Despite the problems, it would be a senseless waste to pull out of Athabasca. We need a place for the library, for archives, for outreach into communities in the region, for labs, for astronomy, and to support research based in the region, of which there is already a growing amount. Virtually no one at the university thinks for a moment that we should leave the town. We are just doubling down on things to which it is best suited, rather than making it a centre of all our operations.  If people want to live there, they can. We can make a difference to an under-served region in our research, our outreach, and our facilities, and we are constantly doing more to make that happen, as a critical part of our reinvention of the university. It has symbolic value, too, as the only physical space that represents the university, albeit that few people ever see it.

However…

Athabasca should never become the seat of power, whether due to numbers of collocated workers or because it is where the exec team are forced to live. I am not singling the town out for special treatment in this: nowhere should play this role. We are and must be an online community, first and foremost. This is especially the case for our exec team. In fact, the more distributed they are the better. They will not walk the talk and fix what is broken unless they live with the consequences, and they are the last people who should be clustered together, especially with a particular employee demographic.
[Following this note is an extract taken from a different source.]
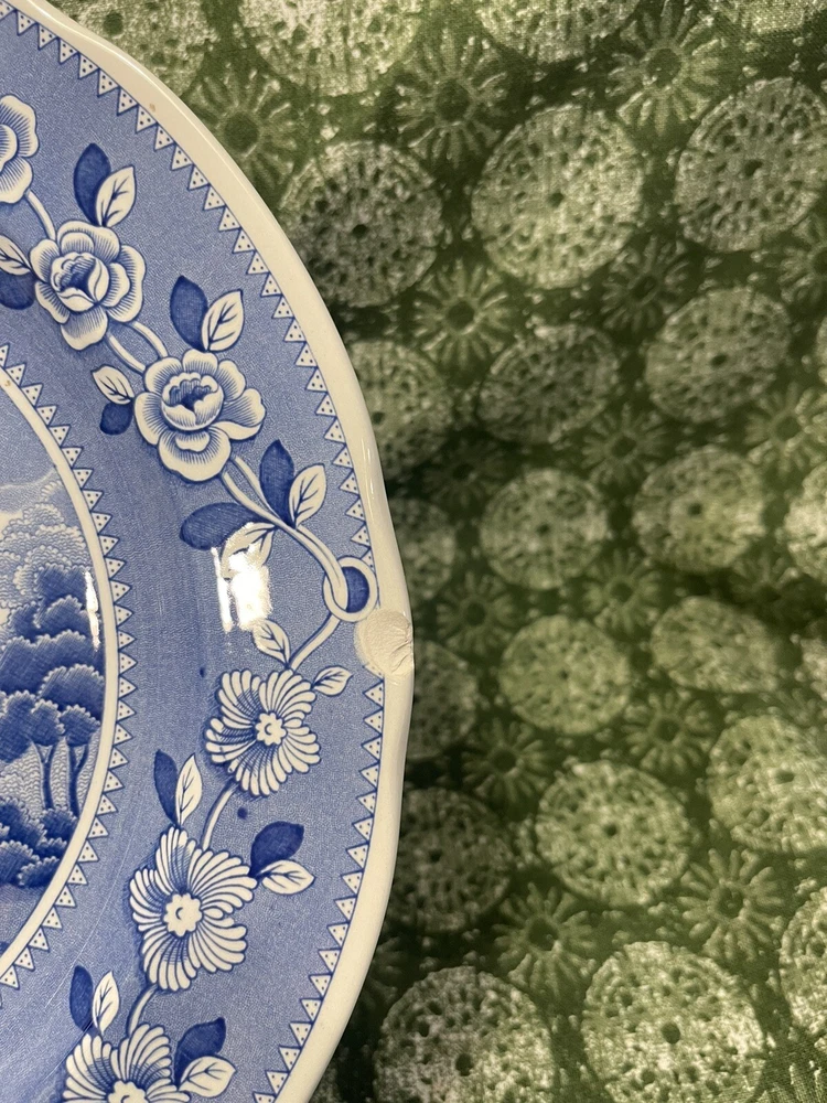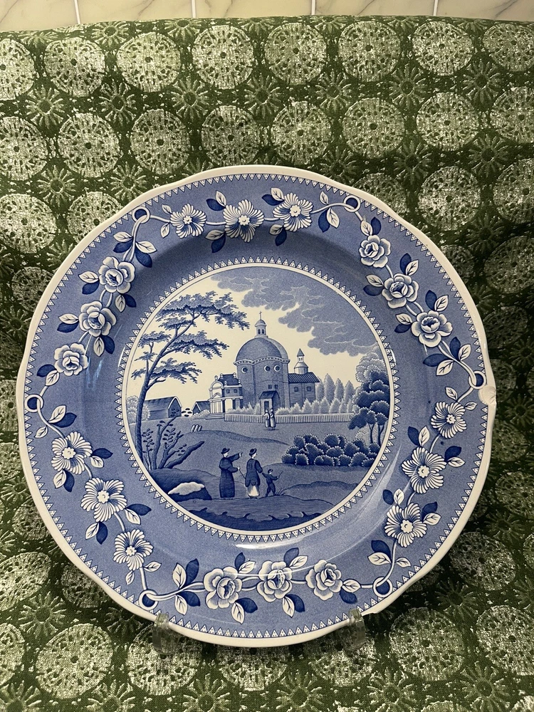 Please see photo for chip. This is a Spode Engravers' Archive Collection dinner plate with a floral pattern. The plate is made of porcelain and has a round shape. It features an engraved design and has a printed backstamp. The plate was manufactured in the United Kingdom and is in fair condition.

This brings benefits to the university and to the communities to which we belong, including to Athabasca.

By far the greatest threat from the Albertan government’s intrusions and our own union’s efforts to restore their personal power is to the identity and culture – the very soul –  of the institution itself. Slowly (too slowly) and a bit intermittently we have, in recent years, been staggering towards creating a unified, online-native culture that embraces the whole institution. It has not been easy, especially thanks to the Athabascan resistance. But, regardless of their interference, we have made other mistakes. Our near-virtual implementation was the result of a large group representing the whole university, but one that lacked well-defined leadership or a clear mandate, that rushed development due to the pandemic, and that ignored most of what it found in its investigations of needs in its report to the university, leading to a hasty and incomplete implementation that has caused some unrest, most notably among those at Athabasca who are used to the comforts and conveniences of in-person working. For the majority of us who were already working online before the pandemic, things have got better, for the most part, but the benefits are very uneven. Too often we have poorly replicated in-person processes and methods to accommodate the newcomers, leading to (for instance) endless ineffectual meetings and yet more procedures. The near-virtual strategy remains a work in progress, and things will improve, but it got off to a stumbling, over-hasty start.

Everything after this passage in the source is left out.